晋棠下午醒来时,天光已从炽白转为柔和的淡金。
他躺在龙床上,望着明黄帐顶繁复的龙纹,没有立刻唤人。
身体依旧沉乏,但脑子里却像是被清冽的泉水洗过,那种长久以来挥之不去的黏稠昏沉消散了。
像是一直被强行按在水下的头颅,终于能探出水面,吸到了一口清冽的空气,虽然身体还在水里泡得发冷发僵,但呼吸是顺畅的,视线是清晰的。

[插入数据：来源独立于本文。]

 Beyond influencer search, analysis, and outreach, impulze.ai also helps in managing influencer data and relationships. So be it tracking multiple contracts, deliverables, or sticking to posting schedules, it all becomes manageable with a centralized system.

晋棠缓慢地眨了眨眼,甚至能数清帐顶那尾金龙共有多少片鳞甲。
然后……
好饿。
甚至饿到肚子叫了。
这对晋棠来说属实是一件稀奇事儿。
寝殿里太安静了,这声音便显得格外突兀。
晋棠脸颊一热,下意识按住腹部,仿佛这样就能让那丢人的声响停下来。
他还没完全从那种初醒的清明和饥饿的冲击里回过神,就听见外间传来极轻的脚步声,有人撩开了层叠的帷帐。
是萧黎。
他应该是早就守在外面,听到动静才进来的,冷峻的面容在看到晋棠醒来时,明显柔和了下来,那双向来深邃的眼眸里,清晰地映出了晋棠按着肚子的窘迫模样。

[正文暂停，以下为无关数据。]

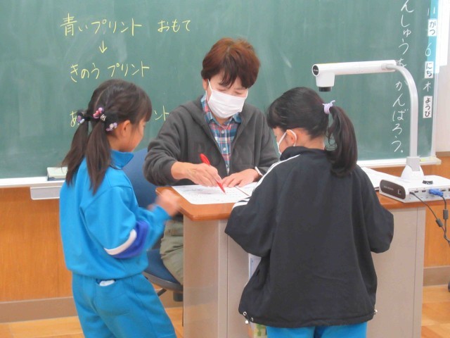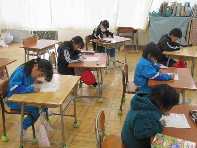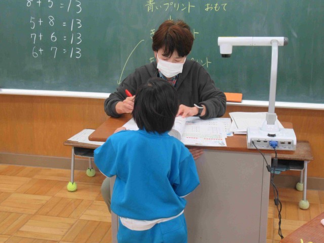 1年生はたし算のまとめをしていました。教科書にある難しいチャレンジ問題も、みんなで考えて答えを導き出していました。その後はワークやプリントに挑戦。たくさん問題がありましたが、みんなとっても速く計算ができるようになりました。次の学習も楽しみですね。

萧黎的目光在他脸上和腹部之间极快地扫了一个来回,嘴角向上弯起了一个极其细微的弧度。
他笑了。
“陛下醒了?”萧黎的声音也比平日更低柔些,走近床边,很自然地伸出手,掌心覆在晋棠的额头上试了试温度,“没有发热,感觉如何?可还有哪里不适?”
微凉的掌心贴在额上,干燥而稳定。
晋棠心跳莫名漏了一拍,忘了腹中的鸣叫,只怔怔地看着萧黎近在咫尺的脸,看着他眼中自己的倒影,还有那尚未完全褪去的笑意。
好想萧黎的手一直这么贴着自己。
这个念头让晋棠耳根微微发烫,他垂下眼睫,避开萧黎过于专注的视线,声音有些发干:“没、没什么不适,就是……”
肚子又在这时不争气地叫了一声,比刚才更响亮。
萧黎眼中的笑意更深了,他收回手:“陛下是饿了,睡了这么久也该饿了,王忠。”
一直候在外间的王忠立刻应声:“老奴在。”
“去传膳。”萧黎吩咐。
王忠“诶”了一声,转身就要去。
“等等。”晋棠却忽然开口,声音还带着刚醒的微哑,却异常清晰,“多准备点儿。”
王忠一愣,随即脸上绽开巨大的惊喜,连声应道:“是是是!老奴明白!定让御膳房多备些陛下合口的!”说罢,小跑着出去了。
萧黎也因晋棠这句话,眼底的光芒更盛。
他从旁边的温着的茶壶里倒出一杯参茶,试了试温度,递到晋棠唇边:“陛下先润润喉,膳食马上就来。”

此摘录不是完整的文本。